Historical (1960–1998) daily minimum temperatures from 13 states and 50 weather stations with frost occurrence (T < 2 °C) (Fig. 1) were analyzed during EN and N events. The data were obtained from ERIC II (Extractor Rápido de Información Climática) provided by the Instituto Mexicano de Tecnología del Agua (IMTA, 2002). The data were placed in an Excel file to run it in the program SICA2.5 by Medina et al. (2003). The program SICA2.5 uses the methodologies of Ortiz (1987) which chronologically orders and codifies the first and last frosts; the program also uses the methodologies of Thom (1966) and Villalpando (1985), which process different percentages of frost probabilities. Because SICA assumes data possess a normal distribution, we applied the goodness–of–fit test of Kolmogorov–Smirnov (Barrow and Hulme, 1996) to prove that early and late frosts had a normal distribution, as was the case. The results given are dates of frost occurrence by using the Z–value, which includes the average and standard deviations of the series of years under study.

Prior to creating the daily databases, individual station data time series were evaluated for potential irregularities through time; weather stations with 30% or more of missing daily data were eliminated. In addition, stations with gaps of three or more years in between series were also discarded as were stations with clearly erroneous temperature values. Also, several stations were eliminated because they had no frost data due to their proximity to the ocean at lower altitudes on the windward side of the mountains, or because there were located in wet subtropical regions. In the end, we were left with 50 stations located throughout central México (Fig. 1). Then for each station and for each year, the first and the last frosts and the frost–free period (FFP) (i.e. the number of consecutive days from the day of the last frost with minimum air temperature equal or minor to 2 °C) were identified. In order to facilitate dealing with dates (days and months), we worked with Julian days, which makes it easy to determine the number of days between two dates (just subtract one Julian day number from the other). In order to know if the dates of early and late frosts during EN and N years were statistically different, a t–Student test analysis was performed.

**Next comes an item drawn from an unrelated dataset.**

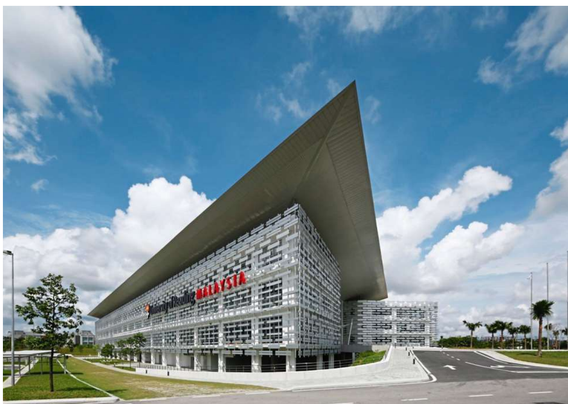
University of Reading Malaysia's state-of-the-art campus in EduCity, Iskandar Puteri.

AAA at A-level or STPM, 8As at UEC or the equivalent are awarded a discount of 30% off their first-year tuition fees.

The presence of low temperatures in a given place obeys many factors, the most important of which is altitude. Since the study site shows a very irregular topography producing high altitude gradients among weather stations, these stations were grouped into 300 m high ranges. These ranges were established because the resultant thermal gradient (temperature variation with altitude) shows good sensitivity for temperature variation (1.8 °C/300 m). Following the previous procedure, five regions were defined (Table I). There were no weather stations with elevations between the 1176–1476 m range belonging to region II. Even though region I has only two stations, we decided to leave it in the study. We did this so we could compare in further studies their frost behavior along with another stations located in different regions and whose altitude range is the same.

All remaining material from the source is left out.